If you want to meet a real iPhone tragic, then Merrick Brown is your man.
The 26-year-old Sydney-based consultant has just returned from a five-day, 32,000 km round trip to the east coast of the United States, ostensibly made so that he could be among the first wave to own one of Apple's new mobile phones.
A self-confessed gadget fiend, Brown says he has fixated on the touch-sensitive phone, with an in-built iPod that can also be used to surf the web, ever since it had its first public showing in January.
"I knew I had to get one," he says, proudly showing off his new acquisition. "I'm a bit of an Apple fanatic."
With the launch date set for 6pm last Friday, Brown - who hails from near Boston - booked a ticket, using one of the several trips home a year he is entitled to under his contract.
Although he also had to return to renew his driver's licence and catch up with his family, the visit was scheduled around the iPhone launch date.
His plans was to buy the phone at an outlet near JFK International Airport in New York.
To maximise his chances of getting one and minimise the amount of time he would have to queue, Brown searched online before he left for a store located in the neighbourhood with the lowest median income within a 18km radius of the airport.
In the end, his mother offered to find a spot in a queue close to where she lives near Boston and bought the phone for her son and one for herself.
While it sounds obsessive, Brown is not alone in his infatuation with the gadget that bloggers have dubbed the Jesusphone.
Analysts in the US estimate that Apple and its phone company partner AT&T may have sold over 700,000 iPhones last weekend. And 95 of Apple's 164 stores and many of the AT&T outlets around the country are reported to have sold out.

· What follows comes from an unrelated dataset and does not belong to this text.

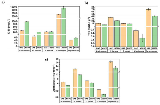 The IC50 value was calculated as the concentration of antioxidants needed to decrease the initial ABTS concentration by 50% (experimental details are shown in Section 3.5). Thus, lower IC50 values represent higher antioxidant activity. As can be seen in Figure 5a, IC50 values ranged between 44 mg/L (for S. hornschuchii) and 11,040 mg/L (for E. enlongata). As was previously commented, there is a lack of information in the literature regarding the characterization of these algae. However, the obtained IC50 values are below those reported by other authors for brown macroalgae, Sargassum binderi (36,627 mg/L), and Turbinaria conoides (96,242 mg/L) from the Gulf of Thailand [39,40], employing water as the extractant. The obtained IC50 values in this work are also lower than those reported for Sargassum muticum (450–520 mg/L) from the Cost of Brittani (France) after employing classical solid-liquid extraction and the advanced technique centrifugal partition extraction (CPE) using ethanol/water (50:50, v/v). These results demonstrate the great antioxidant potential of the extracts obtained from these algae from the Adriatic Sea. Figure 5b,c show the corresponding TPC and AA values, respectively, for the first 5 mL aliquots obtained by MSPD and UAE. The direct correlation among them is clear (Figure 5b,c), indicating that polyphenols (mainly phlorotannins) are the key compounds that reduce oxidation and being responsible for ABTS scavenging capability of the algae extracts.

The device, which comes in two models priced at $US499 ($580) and $US599 ($700), is only sold in the US where it can only be used on AT&T's mobile phone network.
Apple plans to launch the phone in Europe later this year and in Australia in 2008, and will almost certainly strike exclusive deals with one carrier in each country where the iPhone is sold.
But many gadget fans living outside the US are not prepared to wait - even though it means their expensive toy may not operate as its maker intended it.
"In some ways it's cool to be among the first to have it," Brown says. "The flipside of that is that people look at you as if you are a little crazy as you just spent $US600 to get a phone that doesn't work as a phone."